Я пыталась сказать его имя, однако губы лишь судорожно дергались, пересохший язык не слушался, и я не могла выговорить ни слова. Мне было так холодно. Я задрожала и мужчина остановился.
— Ты дрожишь? Сейчас, сейчас, милая, я тебя одену, — сказал командир, ласково и меланхолически улыбаясь.
А дальше я опять провалилась в пустоту. Иногда я чувствовала, как сильные руки командира сжимают меня, прижимают к своему телу, пытаясь согреть. На моем теле что-то появилось, что-то на мне было накинуто.
Немного придя в себя, я попыталась осмотреться. Мы ещё шли. Я попробовала поднять руку, но она была такой слабой и тяжелой, однако ощупать себя я смогла.

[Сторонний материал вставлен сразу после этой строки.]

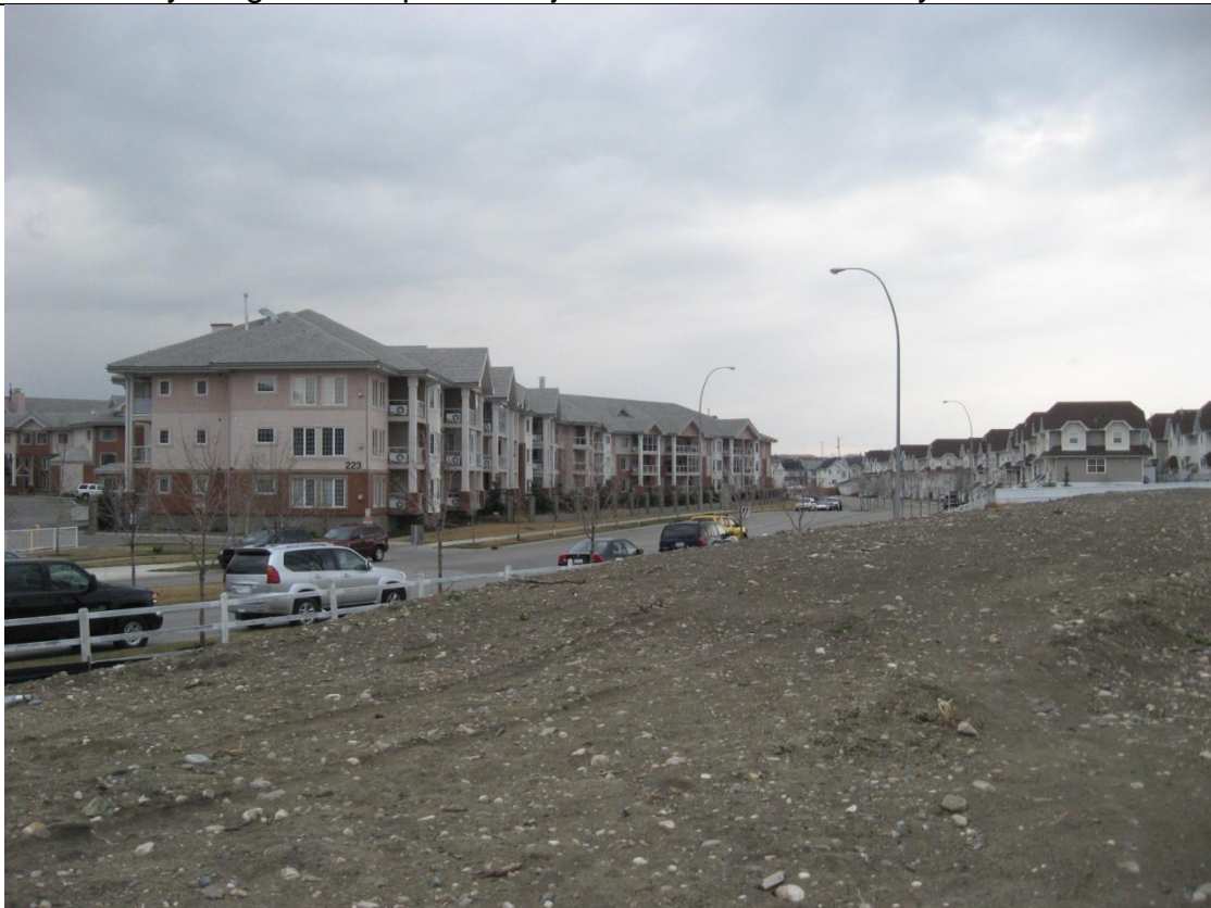
Tuscany Development Adjacent to Tuscany LRT Station
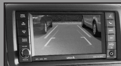
PARKVIEW ® REAR BACK-UP CAMERA
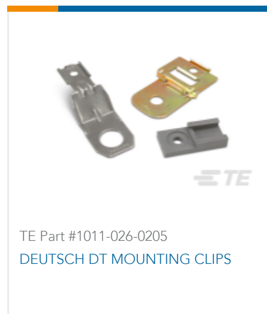
TE Part #1011-026-0205 DEUTSCH DT MOUNTING CLIPS
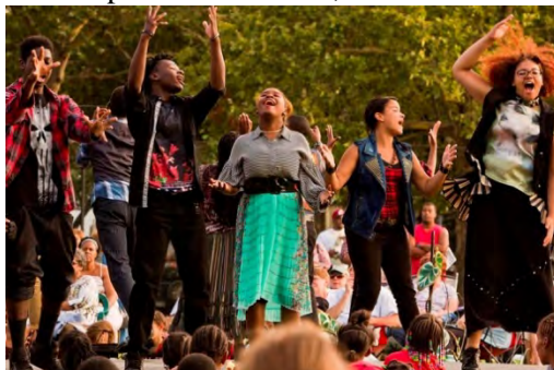
Students perform their original play in public parks throughout the City of Cleveland.

For the past 20 summers, Cleveland Public Theatre has engaged more than 800 local teens in STEP, an arts-based job training program. During the program, student participants engage in a powerful, eight-week intensive that focuses on excellence in performance, play creation, writing and production. Students earn money while learning and practicing valuable job skills. Under the guidance of artistic mentors, teens develop an original play and perform it in public parks throughout Cleveland.
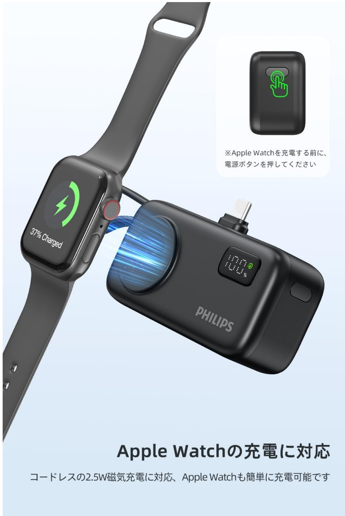
Figure 4.2: An Apple Watch being charged wirelessly by the power bank's magnetic charging pad.
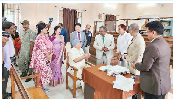
Quick execution of warrants can reduce court case pendency: Bhaduri

Compoundable criminal cases and matters of civil, family, motor accident claims were placed in the National Lok Adalat and were resolved on the basis of mutual reconciliation and agreement. Apart from this,
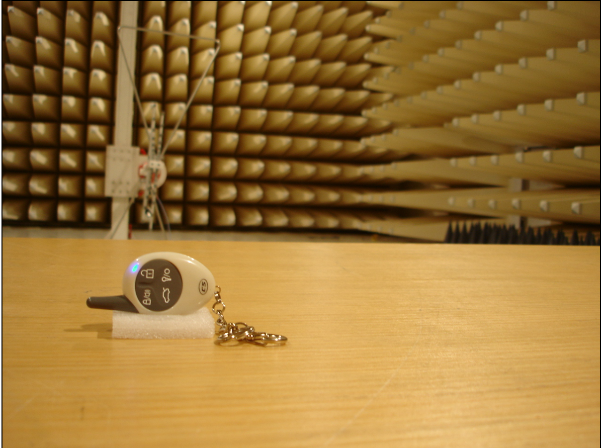
– Test setup photo –
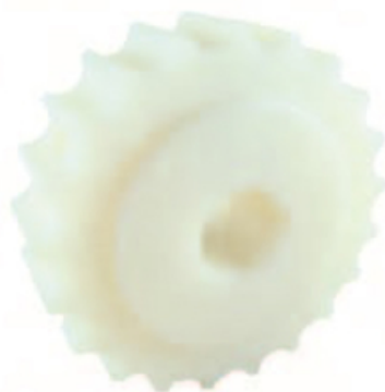
ENGRENAGEM USINADA (PARA CORRENTES 512/515)
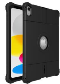
Black 77-89980 (ProPack) 840262399937

Expand your iPad features with OtterBox Universe Case System. Universe features two slotted rails and a center mount, letting you securely attach and easily swap out powerful partner accessories without removing your case. The tablet case offers an additional attachment point at the center for mounting solutions.
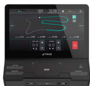
UNITE 16" TOUCHSCREEN
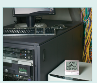
Alerts low Humidity levels in Computer rooms to help prevent electrostatic conditions.

Он меня закутал в свой плащ. Я теперь смотрела как виляет из стороны в стороны мех и улыбалась, хотя даже не знаю, казалось мне это или нет, ведь не чувствовала как губы напрягаются, но вроде бы улыбалась.
— Она пришла в себя? — послышался чей-то женский голос.
Я прикрыла глаза. Пустота снова затягивала, она высасывала из меня жизнь. Мой рот открылся, я попыталась привести в движение голосовые связки. Вроде получилось, а вроде нет. Крика не слышала.
Мой рот заполнила какая-то жидкость, на вкус кислая и горькая, она лилась из меня рекой или текла струйками, я так плохо соображала.
— О, боже, у неё кровь изо рта пошла! О, Создатель, сделайте что-нибудь! — мужской голос, наполненный тревогой и страхом принадлежал Каллену. Он посмотрел на меня. Судорога боли пробежала по лицу командира. — Все будет хорошо, Матрель, с тобой все будет хорошо. Я не хочу тебя терять, нет, только не тебя и не сейчас… О, Создатель, почему ты так жесток со мной?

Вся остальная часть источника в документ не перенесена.